Ever since Roe v. Wade was overturned by the Supreme Court in June of 2022, some states have enacted restrictive abortion measures. Oklahoma has a total abortion ban, and in Florida it is restricted to before 15 weeks. On March 17th, Wyoming passed a law that banned both the prescription and use of abortion medication, punishable by jail time or a $9,000 fine.
On March 15th, the U.S. District Court of Northern Texas heard a lawsuit from the Alliance of Hippocratic Medicine, an activist group of physicians that are against abortion. The suit calls for a ban on mifepristone, an abortion pill that ends pregnancy up to 10 weeks, as described by the Food and Drug Administration (FDA). According to NBC News, the group alleged that the FDA did not adequately evaluate mifepristone before its approval in 2000 and argued that the agency should not have made the medication accessible by mail (instead of only in person) during the pandemic.
Judge Matthew J. Kacsmyrck (he/him), a district court judge appointed by former President Donald Trump (he/him) in 2019, is presiding over the case. The Alliance has filed a motion for a preliminary injunction, and if Kacsmyrck rules in their favor, mifepristone could be temporarily removed from the market. Furthermore, if he also rules in their favor for the lawsuit, FDA approval will be revoked and mifepristone will be illegal in every state. The FDA could begin the approval process again, but that typically takes several years.

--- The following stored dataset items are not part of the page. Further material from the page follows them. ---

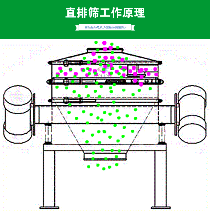 由直立式電機(jī)作激振源,電機(jī)上、下兩端安裝有偏心重錘.將電機(jī)的旋轉(zhuǎn)運(yùn)動(dòng)轉(zhuǎn)變?yōu)樗、垂直、傾斜的三次元運(yùn)動(dòng),再把這個(gè)運(yùn)動(dòng)傳遞給篩面。調(diào)節(jié)上、下兩端的相位角.可以改變物料在篩面上的運(yùn)動(dòng)軌跡。適合食品、制藥、化工、冶金等行業(yè)。
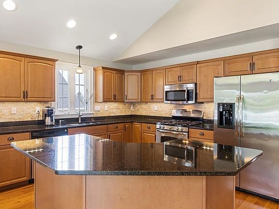 - Kit Dscrp: Flooring - Hardwood, Countertops - Stone/Granite/Solid, Ceiling - Cathedral, Kitchen Island, Stainless Steel Appliances, Open Floor Plan
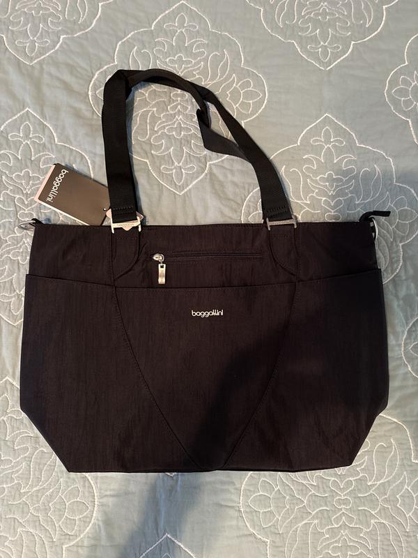 It's the perfect bag to travel with. It's just the right size to hold all of our stuff, plus the stuff our husbands ask us to hold (after asking us why we carry such a big purse), and it's lightweight. Big but not gargantuan-sized.

If Judge Kacsmyryck should rule to withdraw the mifepristone pill immediately, the Biden administration has stated it will appeal the decision. Lawyers from the Department of Justice argued on behalf of the FDA. Rachel Rebouche (she/her), a drug law expert, told CNBC that if Kacsmyrck ruled to ban the drug, the FDA could argue that the court does not have the authority to strike down mifepristone’s approval, based on federal statute.

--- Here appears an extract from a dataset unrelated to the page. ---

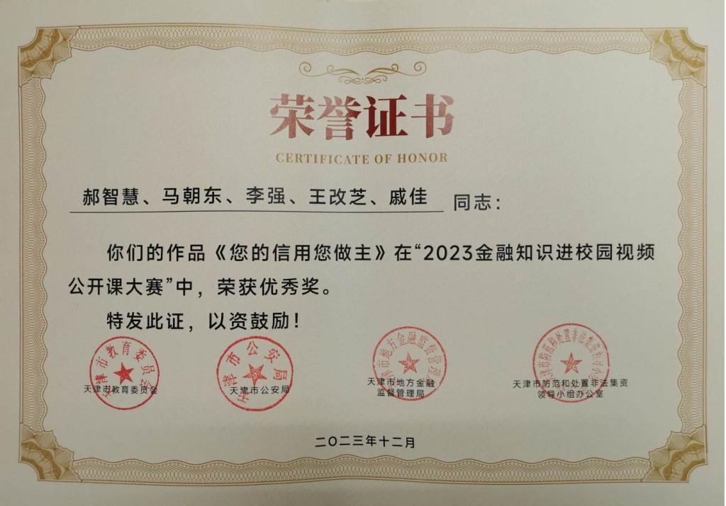 由市教委、市公安局、市金融局、市防范和处置非法集资领导小组办公室共同组织开展的2023年金融知识进校园视频公开课大赛圆满落幕。乐赢娱乐注册 推荐的经济管理学部郝智慧等老师制作的《您的信用您做主》在大赛中获优秀奖。

Kacsmyrck could issue a decision at any point in the coming weeks. Another lawsuit, coming out of federal district court in Washington, was brought by Democratic attorneys general arguing to expand mifepristone access in 17 states. The judge, Thomas Rice (he/him), is expected to rule in favor. Two conflicting rulings on mifepristone could ultimately result in a decision from the Supreme Court.